I need to check my notes - it was a combination of two Conservatorie micas.  I'll get back to you.


----------



## namad (Sep 25, 2013)

judymoody said:


> Good idea for next time!
> 
> Here is another pic of one of my very favorite soaps which was inspired by the idea of sea glass.  I don't think I could ever reproduce it.  My major attempt at "art soap."




This soap is AWESOME! Great job


----------



## neeners (Sep 25, 2013)

looks great!  guess i'll have to put avocado soap on my "to try" list...  lol


----------



## TVivian (Sep 25, 2013)

I love that soap! To me it looks like a little pink sailboat on a stormy sea. Really interesting to look at! 

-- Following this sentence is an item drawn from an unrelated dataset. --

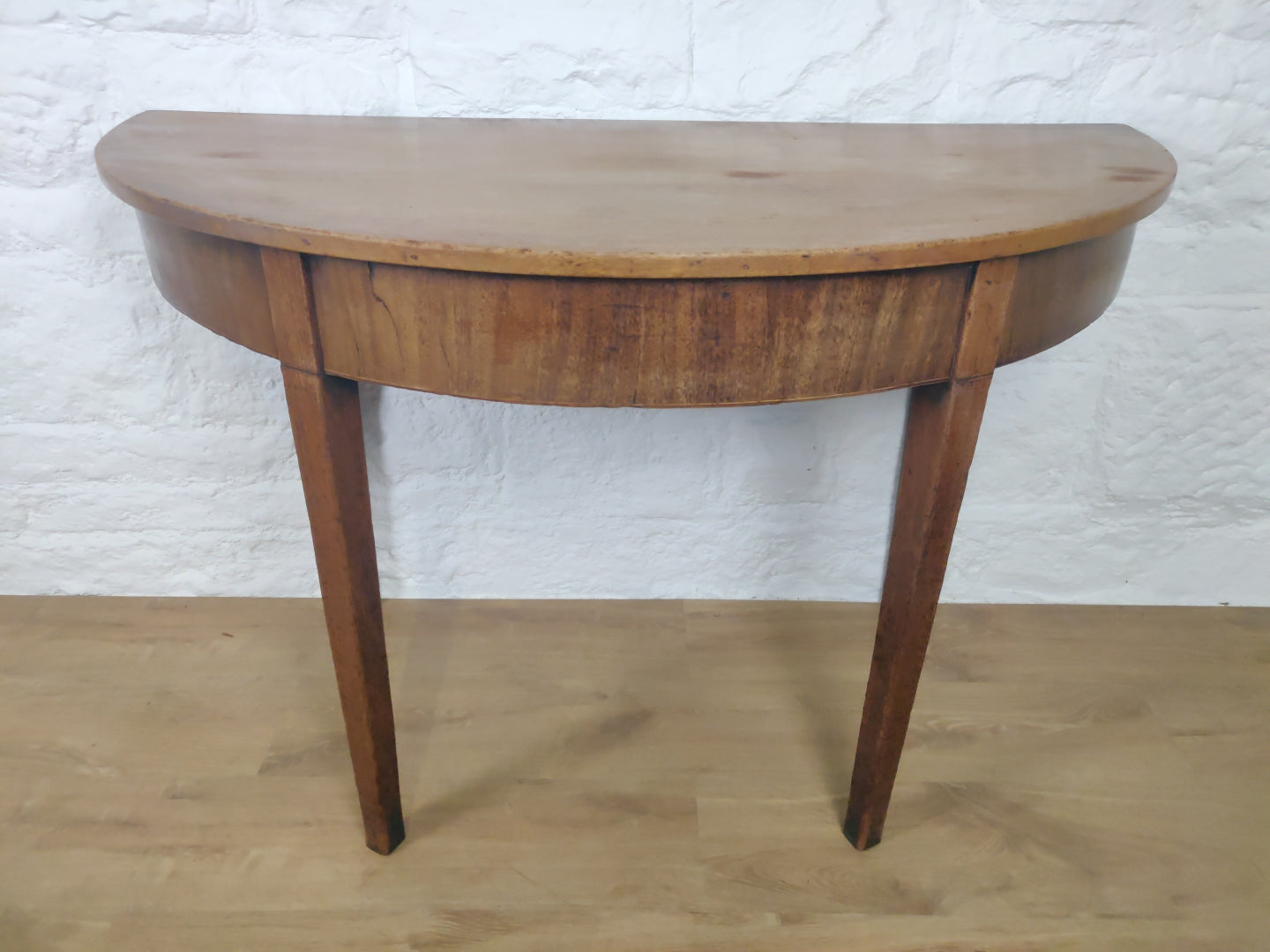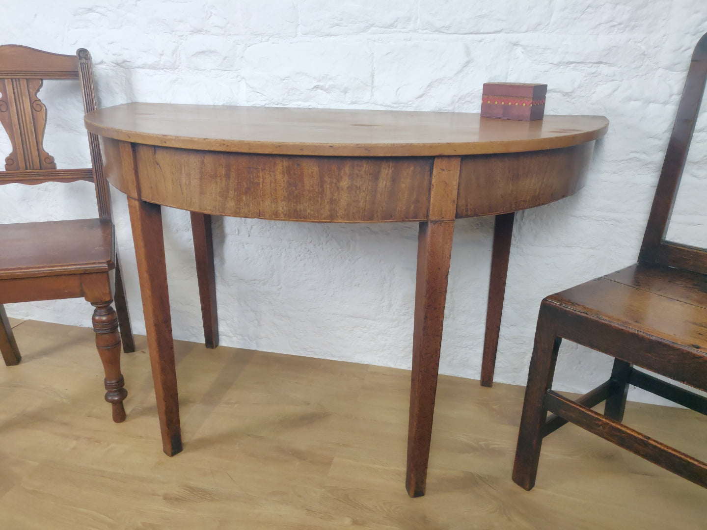 This Antique Circa 1800-1849 Demi Lune side table is a stunning piece of Georgian period furniture, adding a touch of elegance to any room in the house, and complement any country decor.

Sent from my iPhone using Soap Making


----------



## Skatergirl46 (Sep 25, 2013)

Mmm, that looks really creamy. I especially like the color the Avocado gave to the soap.  May I ask how much Avocado you used?


----------



## evilnurse (Sep 25, 2013)

Lovely


Sent from my iPhone using Soap Making


----------



## judymoody (Sep 25, 2013)

Skatergirl46 said:


> Mmm, that looks really creamy. I especially like the color the Avocado gave to the soap.  May I ask how much Avocado you used?



 I used one avocado (130 grams) to about 850 grams of soaping oils.


----------



## squyars (Sep 25, 2013)

Any scent from the avocado survive?  Did you add any EO or FO?
They are absolutely beautiful!

Sent from my KFTT using Tapatalk 2


----------